Let $(M,g)$ be a pseudo-Riemannian spin manifold and let us denote by $S$ the spinor bundle, i.e. the associated vector bundle with respect to the spin representation. Usually, the "gamma matrices" are defined to be maps of the form $$\gamma:TM\to\mathrm{End}(S)$$ such that the Clifford relations are fulfilled, i.e. $\gamma(v)^{2}=g(v,v)\mathrm{id}$ or equivalently, $\gamma(v)\gamma(w)+\gamma(w)\gamma(v)=2g(v,w)\mathrm{id}$. I have to questions related to this:
- Is it usuall assumed that $\gamma$ is linear at each fibre, i.e. that $\gamma(v_{p}+\lambda w_{p})=\gamma(v_{p})+\lambda \gamma(w_{p})$? I checked in the literature and it seems to be me that it somehow used sometimes but never explicitely mentioned. In particular, is it true that $\gamma$ can be viewed as sections of the bundle $\mathrm{End}(S)\otimes T^{\ast}M$.

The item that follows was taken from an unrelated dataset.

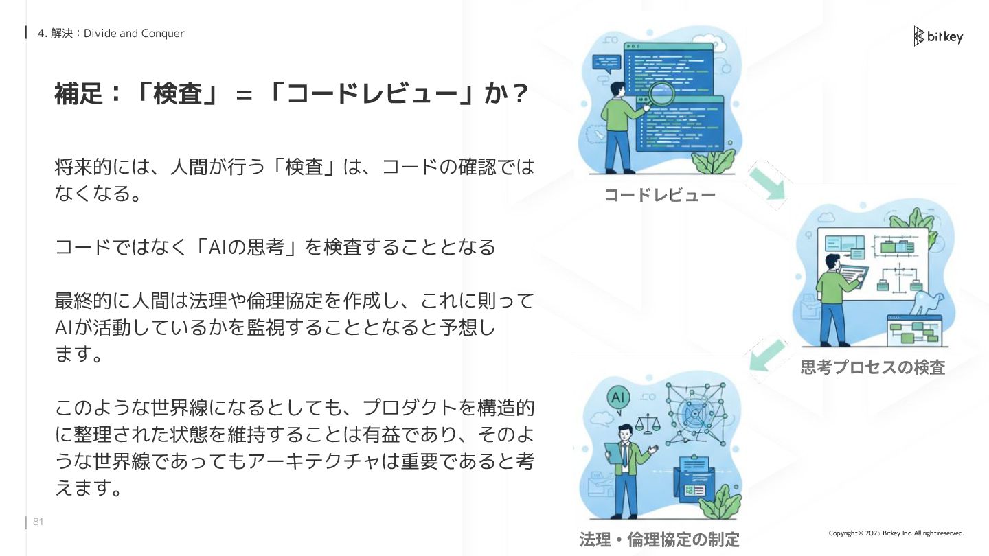 なくなる。 コードではなく「AIの思考」を検査することとなる 最終的に人間は法理や倫理協定を作成し、これに則って AIが活動しているかを監視することとなると予想し ます。 このような世界線になるとしても、プロダクトを構造的 に整理された状態を維持することは有益であり、そのよ うな世界線であってもアーキテクチャは重要であると考 えます。 補足:「検査」 = 「コードレビュー」か? 4. 解決:Divide and Conquer

- I have seen somewhere the claim that $\nabla\gamma=0$. My question, how to I interbret this? If the answer to my first question is positive, then I would guess it is supposed to mean $\nabla^{\mathrm{End}(S)\otimes T^{\ast}M}\gamma=0$ where $\nabla^{\mathrm{End}(S)}$ is the connection induced by the spin connection $\nabla^{S}$ and $\nabla^{T^{\ast}M}$ the usual Levi-Civita connection. If I choose a local chart $x^{\mu}$ on $U\subset M$, set $\gamma_{\mu}:=\gamma(\partial_{\mu})\in\Gamma(\mathrm{End}(E)\vert_{U})$ and write $\gamma=\gamma_{\mu}dx^{\mu}$, then this would mean that $\nabla^{\mathrm{End}(S)\otimes T^{\ast}M}\gamma=0$ means $$\nabla^{\mathrm{End}(S)}_{\partial_{\mu}}\gamma_{\nu}-\Gamma_{\mu\nu}^{\alpha}\gamma_{\alpha}=0$$ Is this correct?
Any answer and/or reference is appreciated.